The judge heard the case against Andrew Boggess first. Explaining what happened Jan. 29, he said, "I was working in the yard and went inside to get the leaf blower. The door was ajar. I didn't know the dog got out. I didn't allow the dog to run unrestricted."

"But you'd been advised earlier about the dog," said Nordlund. "You didn't take extra precautions?"

The victim then testified that her son, 15, discovered the mutilated goats after the attack. Still, she said, "It's not a vicious dog — it did what a dog will do. I have nothing against the dog."

Telling Boggess she considered the Jan. 24 incident his notice to restrain the dog, Nordlund said he was "fully aware [on the 29th] that the dog [could] get out. The door was open. I find you guilty." She then fined him $50, but dismissed the Jan. 24 charge against him.

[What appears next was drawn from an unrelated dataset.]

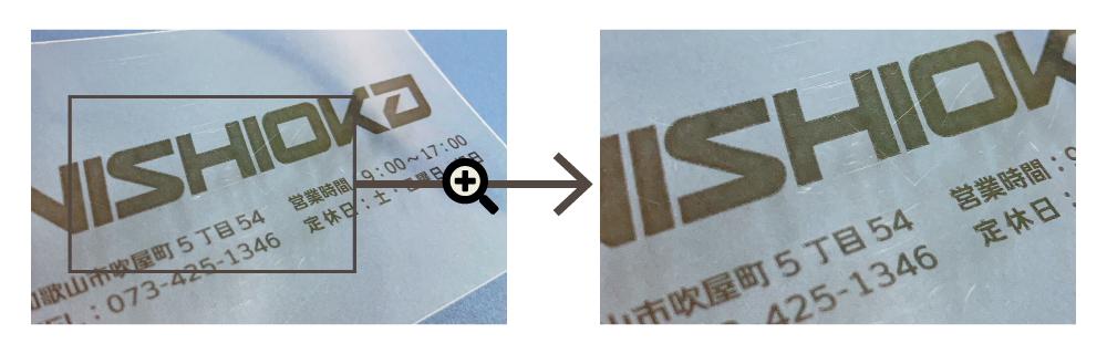 透明素材へ印刷する場合、白印刷を施すと不透明感が増し、透明部分とのコントラストをより際立たせたデザイン等が可能になります。

Next came the case against Jack Boggess, but it wasn't as easily resolved. Animal Control Officer William Pearsall said the teen-ager told him and Powell about the attack on the two goats and said Boggess owned the dog. The boy also testified about the traumatic events of Jan. 29 and said he saw the dog walking out of the goat pen.

"I saw Oreo in the creek [near the pen], deceased," he said. "I said something to the dog, and it came over to me. Bob was standing on the bank, looking at the dog. I put Bob back in the goats' pen." Then, he said, the dog jumped back into the pen, but Andrew Boggess — who, by then, was looking for the canine — walked up and the dog went to him.

Jack Boggess said Andrew called and told him what happened. He then called Powell and learned the dog was in the county animal shelter — from which Jack Boggess had adopted him four years ago.

Nordlund told him the Virginia Code specifies punishment for dogs killing or injuring livestock. He only had two choices: "Either have the dog euthanized or move it to [another state] where it can't get back to Virginia."

She said it's Boggess' responsibility to find the dog a new home. "We all love our dogs, cats, goats — they're part of the family," said Nordlund. "I don't want to have the dog euthanized."

But Boggess balked, saying, "I've lived here 58 years. Either I have to move or give my dog away to someone in another state." Then the goats' owner spoke up. "Would it be sufficient to keep it out of Fairfax County?" she asked the judge. "I really don't want him to lose his dog."

Boggess said he'd build a fence, and Nordlund, "concerned about [the victim's] feelings," ruled in accordance with her wishes. She placed Boggess on a year's probation, adding, "If the dog returns to your son's residence [during that time], we'll have to determine if the dog should be euthanized. Don't put me in that position."

Pearsall will notify Frederick County's Animal Control officers about the dog and said, "If it kills livestock there, they'll charge him with the same state code section." The victim said Andrew promised to pay for Bob's $545 medical expenses.

She said she just wants the dog out of Fairfax County: "If he comes back, he'd be right back at the pen and kill a goat again. I have a huge German Shepherd, myself, but he's always on a leash. People have got to be held responsible."